EasyDock Python module to facilitate molecular docking
Project description
EasyDock - Python module to automate molecular docking
Installation
pip install easydock
or the latest version from github
pip install git+https://github.com/ci-lab-cz/easydock.git
Dependencies
from conda
conda install -c conda-forge python=3.9 numpy=1.20 rdkit scipy dask distributed
from pypi
pip install meeko
to use multiple servers for docking install paramiko (backend of dask if launched from the command line)
pip install paramiko
Installation of vina. There is a strict recommendation to install vina from sources https://github.com/ccsb-scripps/AutoDock-Vina, because version 1.2.3 (available from pip) contains a bug which result in very unstable docking scores. The fix will be included in later releases.
Installation of gnina is described at https://github.com/gnina/gnina
Description
Fully automatic pipeline for molecular docking.
Features:
- the major script
run_docksupports docking withvinaandgnina(gninaalso supportssminaand its custom scoring functions) - can be used as a command line utility or imported as a python module
- supports distributed computing using
dasklibrary - supports docking of boron-containing compounds using
vinaandsmina(boron is replaced with carbon before docking and returned back) - all outputs are stored in an SQLite database
- interrupted calculations can be restarted by invoking the same command or by supplying just a single argument - the existing output database
get_sdf_from_dock_dbis used to extract data from output DB
Pipeline:
- input SMILES are converted in 3D by RDKit, if input is 3D structures in SDF their conformations wil be taken as starting without changes.
- ligands are protonated by chemaxon at pH 7.4 and the most stable tautomers are generated (optional, requires a Chemaxon license)
- molecules are converted in PDBQT format using Meeko
- docking with
vina/gnina - output poses are converted in MOL format and stored into output DB along with docking scores
Example
Docking from command line
Docking using vina takes input SMILES and a config file. Ligands will not be protonated with Chemaxon, so their supplied charged states will be used. 4 CPU cores will be used (4 molecules will be dock in parallel). When docking will finish an SDF file will be created with top docking poses for each ligand.

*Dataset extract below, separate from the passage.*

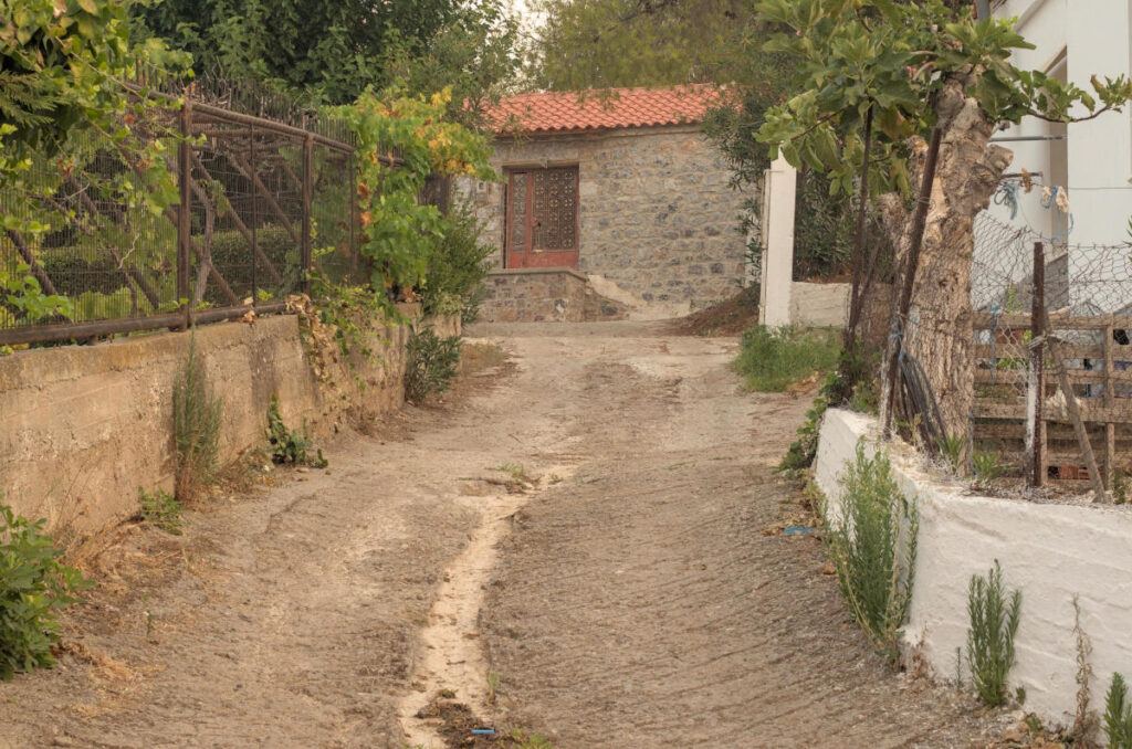 I had seen the house about half an hour before I took the photo, when I took my dog, Beans, out for a quick walk. But before I actually started on my walk, my view from the balcony of the house I am staying at also is worthy of some comment. Most Greek villages were built long before there was any idea of planning, that roads might one day be used for vehicular traffic (donkeys and carts were common), and there is not really a lot of space between houses. This photo does not show the “houses” right next door, but does show the view from the balcony looking across the small “square” that has barely enough room for the cars that are owned by the residents, or even visitors:

run_dock -i input.smi -o output.db --program vina --config config.yml --no_protonation -c 4 --sdf
Example of config.yml for vina docking
protein: /path/to/protein.pdbqt
protein_setup: /path/to/grid.txt
exhaustiveness: 8
seed: 0
n_poses: 5
ncpu: 5
NOTE: ncpu argument in run_dock and config.yml has different meaning. In run_dock it means the number of molecules docked in parallel. In config.yml it means the number of CPUs used for docking of a single molecule. The product of these two values should be equal or a little bit more than the number of CPUs on a computer.
The same but using gnina
run_dock -i input.smi -o output.db --program gnina --config config.yml --no_protonation -c 4 --sdf
Example of config.yml for gnina docking
script_file: /path/to/gnina_executable
protein: /path/to/protein.pdbqt
protein_setup: /path/to/grid.txt
exhaustiveness: 8
scoring: default
cnn_scoring: rescore
cnn: dense_ensemble
n_poses: 10
addH: False
ncpu: 1
seed: 0
To use smina invoke gnina as shown above and make corresponding changes in config.yml
script_file: /path/to/gnina_executable
protein: /path/to/protein.pdbqt
protein_setup: /path/to/grid.txt
exhaustiveness: 8
scoring: vinardo
cnn_scoring: None
cnn: dense_ensemble
n_poses: 10
addH: False
ncpu: 1
seed: 0
Docking using multiple servers
To distribute docking over multiple servers one have to start dask cluster and call the script
dask ssh --hostfile $PBS_NODEFILE --nworkers 15 --nthreads 1 &
sleep 10
run_dock -i input.smi -o output.db --program vina --config config.yml --no_protonation --sdf --hostfile $PBS_NODEFILE --dask_report
$PBS_NODEFILE is a file containing list of IP addresses of servers. The first one from the list will be used by a dask scheduler, but it will also participate in computations.
--nworkers is the number of workers per host. This is the number of molecules which are docked in parallel on a single host.
--nthreads can be any value. The number of CPUs used for docking of a single molecule will be taken from config.yml.
--dask_report argument will create at the end of calculations an html-file with performance report (may be useful to tweak docking parameters).
Important setup issue - the limit of open files on every server should be increased to the level at least twice the total number of requested workers (file streams are used for inter-node communication by dask).
Data retrieval from the output database
To extract data from the database one may use the script get_sdf_from_dock_db.
Extract top poses with their scores (additional information in DB fields can be extracted only for the top poses):
get_sdf_from_dock_db -i output.db -o output.sdf --fields docking_score
Retrieve second poses for compounds mol_1 and mol_4 in SDF format:
get_sdf_from_dock_db -i output.db -o output.sdf -d mol_1 mol_4 --poses 2
Instead of a list of ids a text file can be supplied as an argument -d.
Retrieve top poses for compounds with docking score less then -10:
get_sdf_from_dock_db -i output.db -o output.sdf --fields docking_score --add_sql 'docking_score < -10'
Docking from Python
Dock a list of molecules on a local computer. Import mol_dock function from a corresponding submodule.
from easydock.run_dock import docking
from easydock.vina_dock import mol_dock
# from easydock.gnina_dock import mol_dock # <- enable gnina docking
from rdkit import Chem
smiles = ['CC(=O)O', 'NCC(=O)O', 'NC(C)C(=O)O']
mols = [Chem.MolFromSmiles(smi) for smi in smiles]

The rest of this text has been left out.